Фанфик про Пуаро: Глава вторая. Часть вторая.

Dec 04, 2013 00:39


Начало второй главы - здесь.

...В гостиной уже царил полумрак, но Эмма попросила Пуаро не включать свет.


Она опустилась на стул и долго молчала, собираясь духом.

- Мой отец был помощником счетовода в одной торговой фирме. Кажется, это было три жизни назад… Моя мама, как и сейчас, давала частные уроки музыки, мы с братом учились за городом, в школах-интернатах. ...Вы никогда не задумывались: почему люди осознают, какой счастливой и беспечной была их жизнь, только тогда, когда приходит беда?

- Знаете, я до сих пор помню тот день, когда отца арестовали. Мама тогда приехала за мной на такси…

Эмма вспомнила, как поразилась её бледности, на фоне которой пятна румян особенно ярко выделялись на щеках.

- Мама о чём-то долго говорила с учителем, и меня отпустили. Всю дорогу домой она хранила молчание, просто глядела в окно такси. Уже дома она объяснила мне, путаясь и сбиваясь, что отец обвинён и хищении и растрате крупной суммы… Мой отец, понимаете, - мой отец? Человек, который  однажды нашёл кошелёк с крупной суммой денег - и дал объявление в газету о находке, человек, который всегда и всем был готов помочь - зачастую в ущерб себе, - разве мог этот человек украсть и растратить чужие деньги?

- У нас действительно всегда было мало денег; родители откладывали на обучение Сэма, моего старшего брата, хотели, чтоб он изучал право в хорошем университете.

- Для нас начался ад.  Обвинитель выставил отца этаким злым гением, который много месяцев вынашивал план преступления - о Господи, как будто это такая редкость - хищение и растрата! Местная пресса ликовала: в нашем городе преступления случались редко, и дело моего отца было для газетчиков лакомым куском.

- Через полтора года отец заболел воспалением лёгких и однажды ночью умер в тюремной больнице.
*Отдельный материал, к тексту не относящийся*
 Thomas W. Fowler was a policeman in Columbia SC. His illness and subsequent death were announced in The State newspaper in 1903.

- Мы стали изгоями. Нет, правда. О нас говорили вполголоса, будто о мертвецах, на нас смотрели с брезливой жалостью, как на больных чумой. Мой брат решил во что бы то ни стало доказать невиновность отца. К тому времени найти доказательства было уже довольно трудно: после суда фирма была закрыта, сотрудники разъехались кто куда. Сэм действовал как заправский сыщик: искал свидетелей, пытался найти хоть какие-нибудь документы… Его идея увела его из нашего города.
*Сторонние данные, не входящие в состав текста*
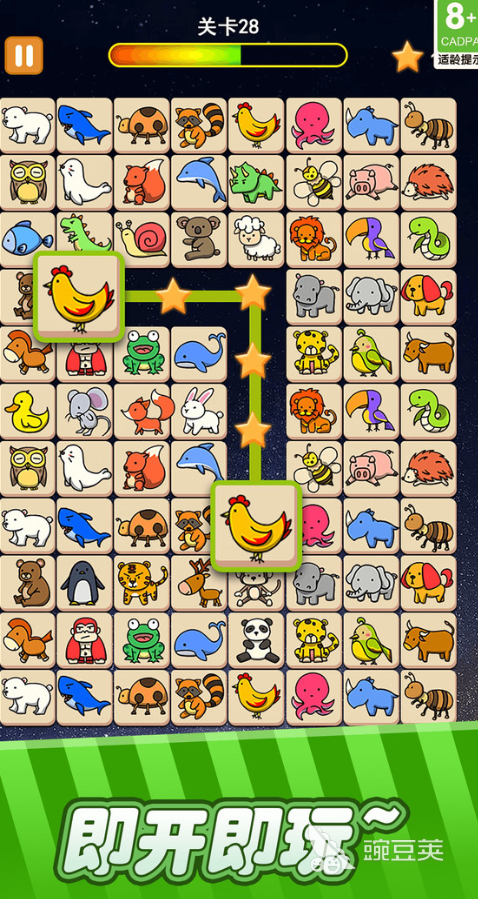 作为经典消除玩法代表作,本作以萌系小动物图鉴为核心元素,考验玩家对路径规划与视觉识别的综合能力。关卡中相同图案之间常被障碍物隔断,需通过合理消除中间图块,逐步打通连接通路。每关设有步数或时间限制,辅以炸弹、提示、重排等实用道具,兼顾策略性与休闲感,适合碎片化时间体验。

Я уехала из дома, когда мне исполнилось восемнадцать. Сбежала. Отправилась на поиски брата. Я знала одно: он в Лондоне, он уехал туда, потому что у него была какая-то зацепка, какая-то ниточка расследования...

Она закрыла глаза, и картины прошлого явились её внутреннему взору.
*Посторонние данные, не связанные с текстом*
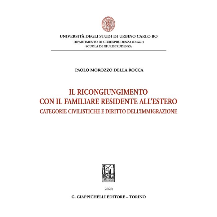 Come esplicitato già nel suo titolo, l'opera monografica £Il ricongiungimento con il familiare residente all'estero. Categorie civilistiche e diritto dell'immigrazione" offre un'esegesi ragionata e multilivello delle norme sul ricongiungimento familiare mettendole a confronto con gli istituti del diritto civile della famiglia, nella consapevolezza che la specialità del diritto dell'immigrazione e della libertà di circolazione non possa tuttavia contraddire princìpi fondamentali del diritto delle relazioni familiari e richiede comunque il rispetto di canoni di coerenza, proporzionalità e ragionevolezza. Ne emergono indicazioni e prospettive utili sia per l'operatore del diritto che per l'interprete desideroso di ricostruire la coerenza a sistema delle norme e degli orientamenti giurisprudenziali.

- Знаю, меня легко осуждать. Но если б Вы знали, каково это - искать собственного брата в самых мерзких притонах, в чужом городе, где ты никого не знаешь…

Брусчатка, вытертая тысячами ног, лоснящаяся молочным, жирным блеском, и луна - дурная, пятнистая, червивая луна - были единственными свидетелями её блужданий.

- Он сам нашёл меня однажды - наш бедный Сэм; я отправилась домой после выступления - и он нагнал меня в проулке; я не сразу узнала его - он похудел и поблёк, будто Лондон высосал из него все соки, но на самом деле - как я поняла потом, - Сэм просто поддался тем порокам, с которыми неизбежно сталкиваешься, когда приезжаешь в такой большой город.

- И тогда он сказал мне, что всё узнал… Что это Роджер Апдайк, директор фирмы, где работал отец, подставил его. У Апдайка были большие долги, и он подстроил это хищение, чтобы кредиторы списали его долг, а сам, как выяснил тогда Сэм, получил приличную страховку за ущерб.

- Я ни разу не видела брата с тех, не знаю, где он. Маме я ничего сказала. Я только надеюсь, что он ещё жив, что он нашёл в себе силы не опуститься ещё ниже…

- Найти Апдайка оказалось непросто. Кроме того, как Вы понимаете, у меня не было ни денег, ни друзей в Лондоне… Я устроилась официанткой, потом танцовщицей в это треклятое ревю - только чтоб иметь возможность быть в этом городе и искать, искать этого Апдайка... К счастью, я случайно познакомилась с журналисткой Джейн Викерс. Со временем мы стали подругами, и она пригласила меня пожить у неё. Она же и обучила меня стенографировать и печатать и помогла устроиться в машинописное бюро.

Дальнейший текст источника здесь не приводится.